■ **Record set**:
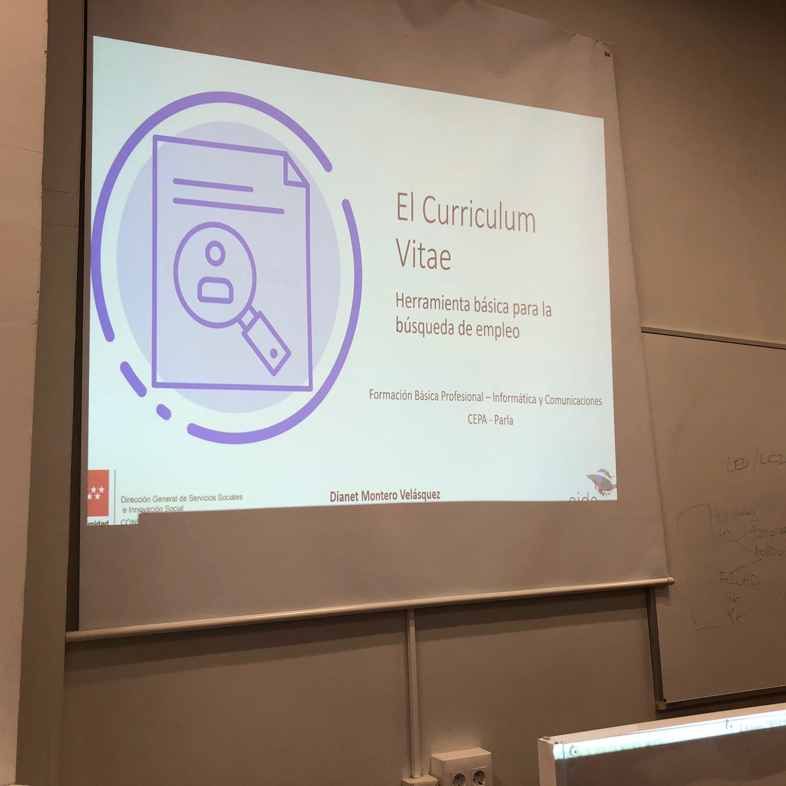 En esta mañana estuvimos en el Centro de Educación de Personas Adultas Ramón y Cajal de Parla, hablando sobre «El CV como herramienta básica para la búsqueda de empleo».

* * *

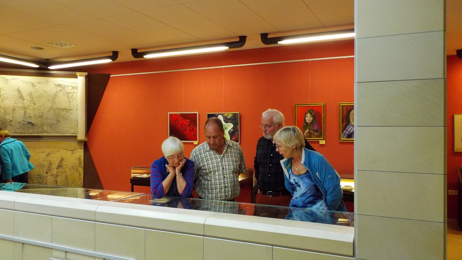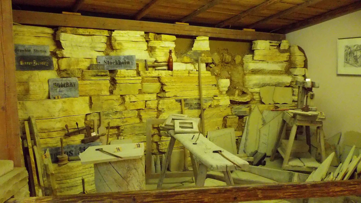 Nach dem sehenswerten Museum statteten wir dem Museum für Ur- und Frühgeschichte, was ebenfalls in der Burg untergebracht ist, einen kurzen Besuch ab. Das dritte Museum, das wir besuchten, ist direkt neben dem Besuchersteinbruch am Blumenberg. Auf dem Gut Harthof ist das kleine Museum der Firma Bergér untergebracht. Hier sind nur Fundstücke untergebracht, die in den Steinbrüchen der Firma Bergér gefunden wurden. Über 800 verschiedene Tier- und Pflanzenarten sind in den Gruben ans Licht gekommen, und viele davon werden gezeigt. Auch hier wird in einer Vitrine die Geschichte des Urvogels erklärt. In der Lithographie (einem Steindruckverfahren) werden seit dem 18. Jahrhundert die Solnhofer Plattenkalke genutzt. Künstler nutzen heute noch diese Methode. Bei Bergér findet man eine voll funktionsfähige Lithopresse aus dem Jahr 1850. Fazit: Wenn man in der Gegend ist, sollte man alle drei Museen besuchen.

* * *

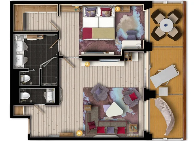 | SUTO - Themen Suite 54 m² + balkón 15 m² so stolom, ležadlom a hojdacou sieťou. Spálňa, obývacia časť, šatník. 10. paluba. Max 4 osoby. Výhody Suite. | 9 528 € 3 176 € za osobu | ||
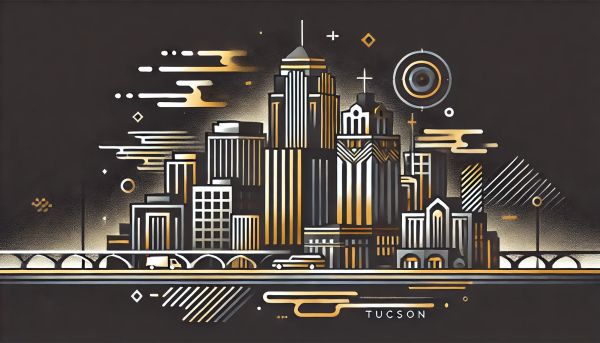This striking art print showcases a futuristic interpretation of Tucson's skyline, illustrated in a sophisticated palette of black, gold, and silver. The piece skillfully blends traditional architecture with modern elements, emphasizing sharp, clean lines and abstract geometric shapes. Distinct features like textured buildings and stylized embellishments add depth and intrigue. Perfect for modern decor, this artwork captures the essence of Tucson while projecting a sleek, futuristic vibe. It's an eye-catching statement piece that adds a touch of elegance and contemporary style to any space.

■ **Task statement**: Within the listing above, print exactly the stretch beginning at the line that contains "za osobu | ||" and finishing at the line that contains "This striking art", ends kept, pictures left out, and nothing more.

■ **Written solution**:
 | SUTO - Themen Suite 54 m² + balkón 15 m² so stolom, ležadlom a hojdacou sieťou. Spálňa, obývacia časť, šatník. 10. paluba. Max 4 osoby. Výhody Suite. | 9 528 € 3 176 € za osobu | ||
This striking art print showcases a futuristic interpretation of Tucson's skyline, illustrated in a sophisticated palette of black, gold, and silver. The piece skillfully blends traditional architecture with modern elements, emphasizing sharp, clean lines and abstract geometric shapes. Distinct features like textured buildings and stylized embellishments add depth and intrigue. Perfect for modern decor, this artwork captures the essence of Tucson while projecting a sleek, futuristic vibe. It's an eye-catching statement piece that adds a touch of elegance and contemporary style to any space.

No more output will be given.